Data below –
--*--

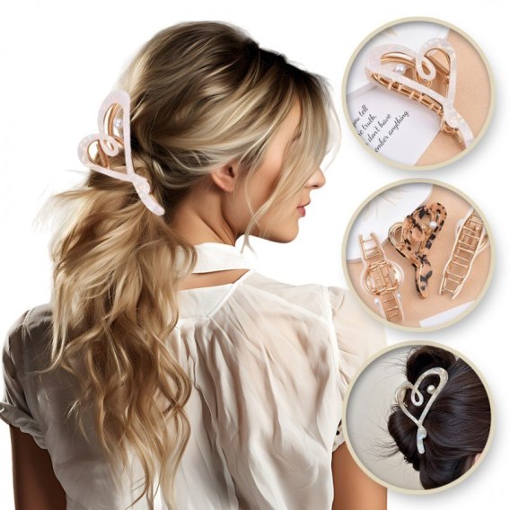 Spinka do włosów, klamra metalowa masa perłowa biała XL 12x6cm SP342B
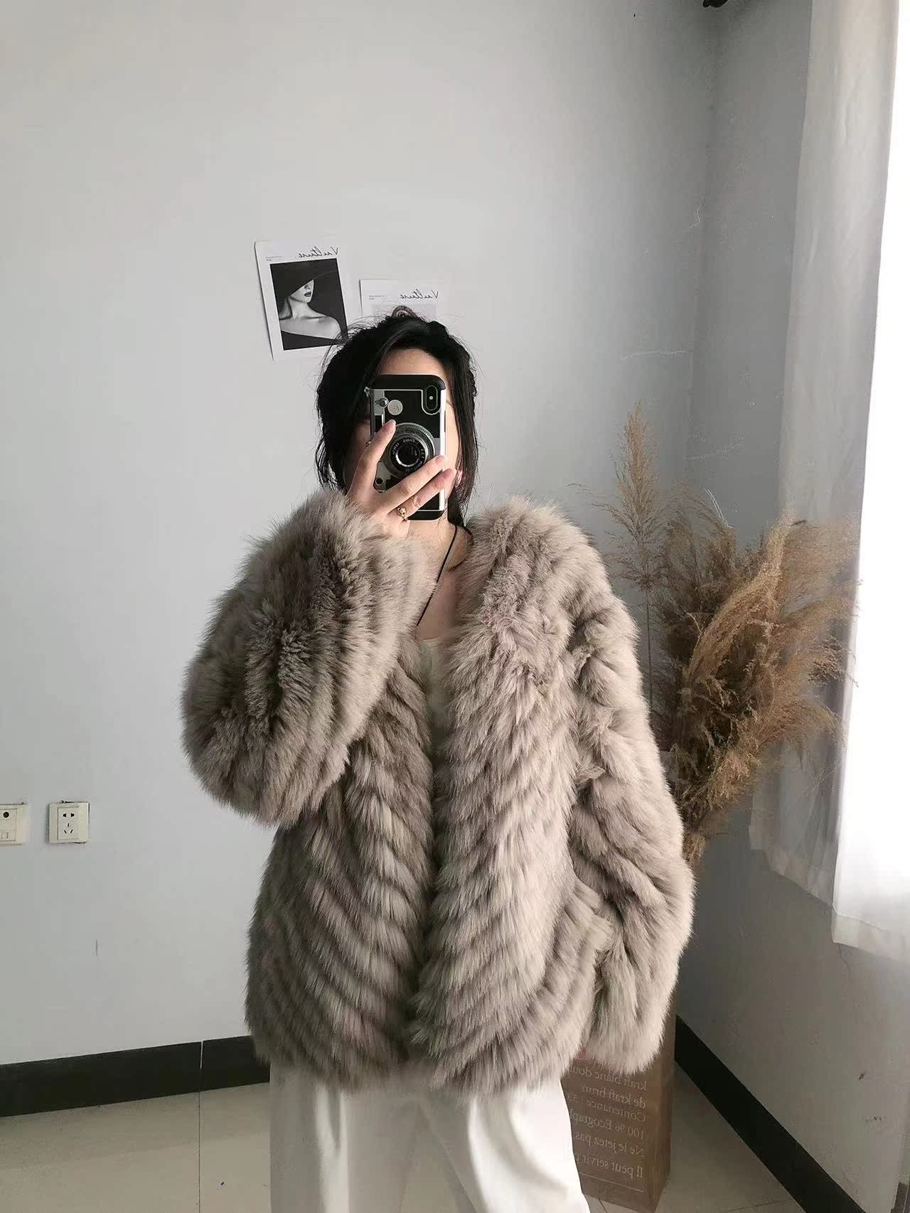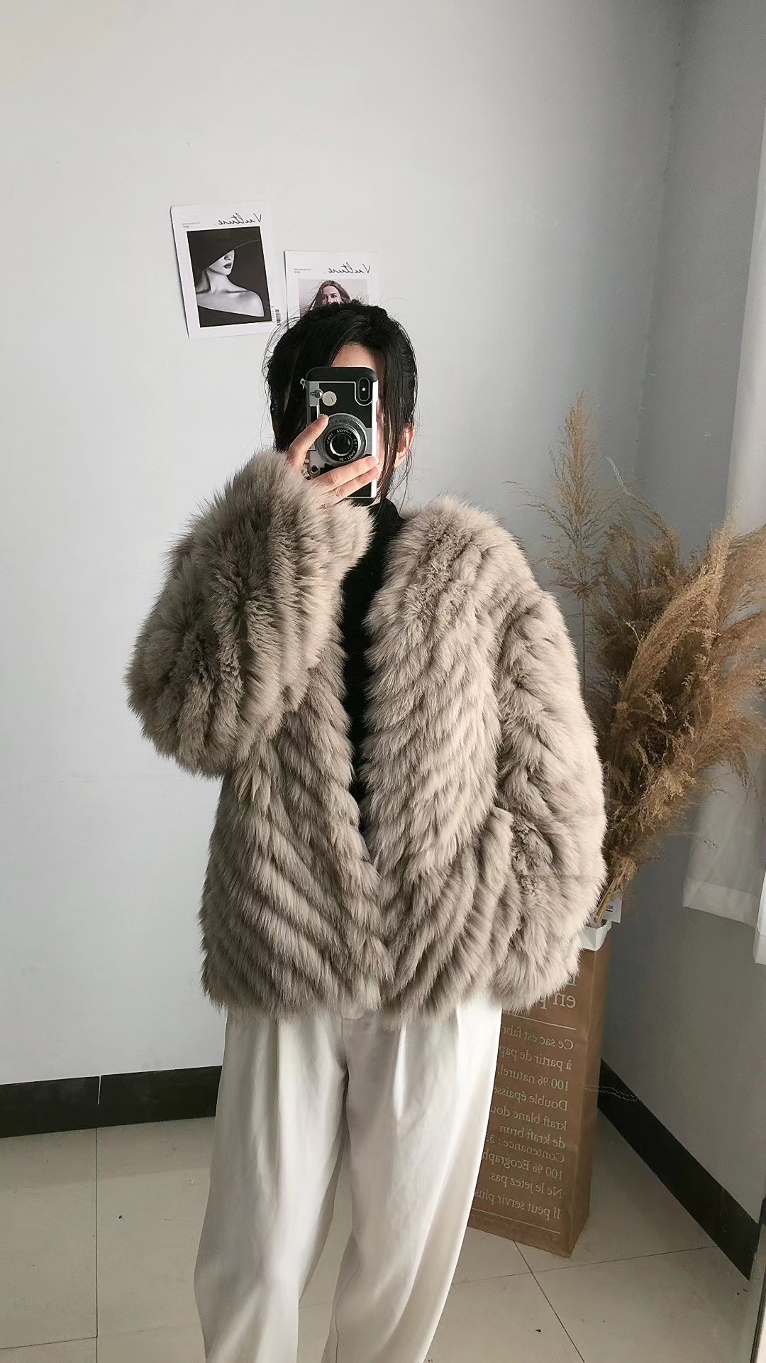 Imported fox fur long sleeve V collar whole leather cart Bar short jacket loose fox fur woven fur
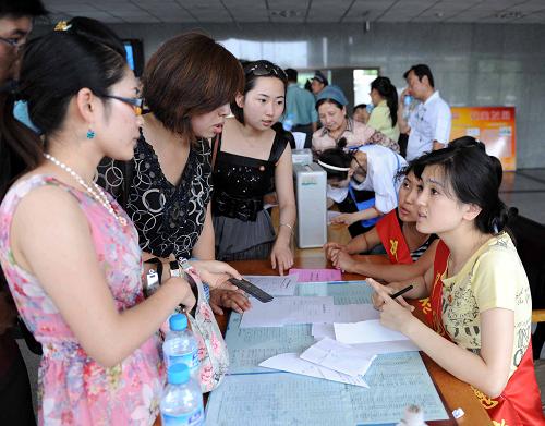 7月12日,在烏魯木齊市團(tuán)委的招募大廳,幾位市民在向工作人員咨詢志愿者報名事宜。新華社記者 沙達(dá)提 攝
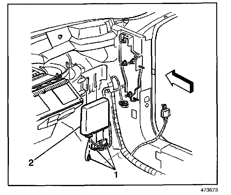 4. Disconnect the electrical connectors (1) from the DIM (2).

--*--

Assigned task –
Output the lines above in full and exactly as given, omitting any pictures.

Answer to this problem –
 Spinka do włosów, klamra metalowa masa perłowa biała XL 12x6cm SP342B
 Imported fox fur long sleeve V collar whole leather cart Bar short jacket loose fox fur woven fur
 7月12日,在烏魯木齊市團(tuán)委的招募大廳,幾位市民在向工作人員咨詢志愿者報名事宜。新華社記者 沙達(dá)提 攝
 4. Disconnect the electrical connectors (1) from the DIM (2).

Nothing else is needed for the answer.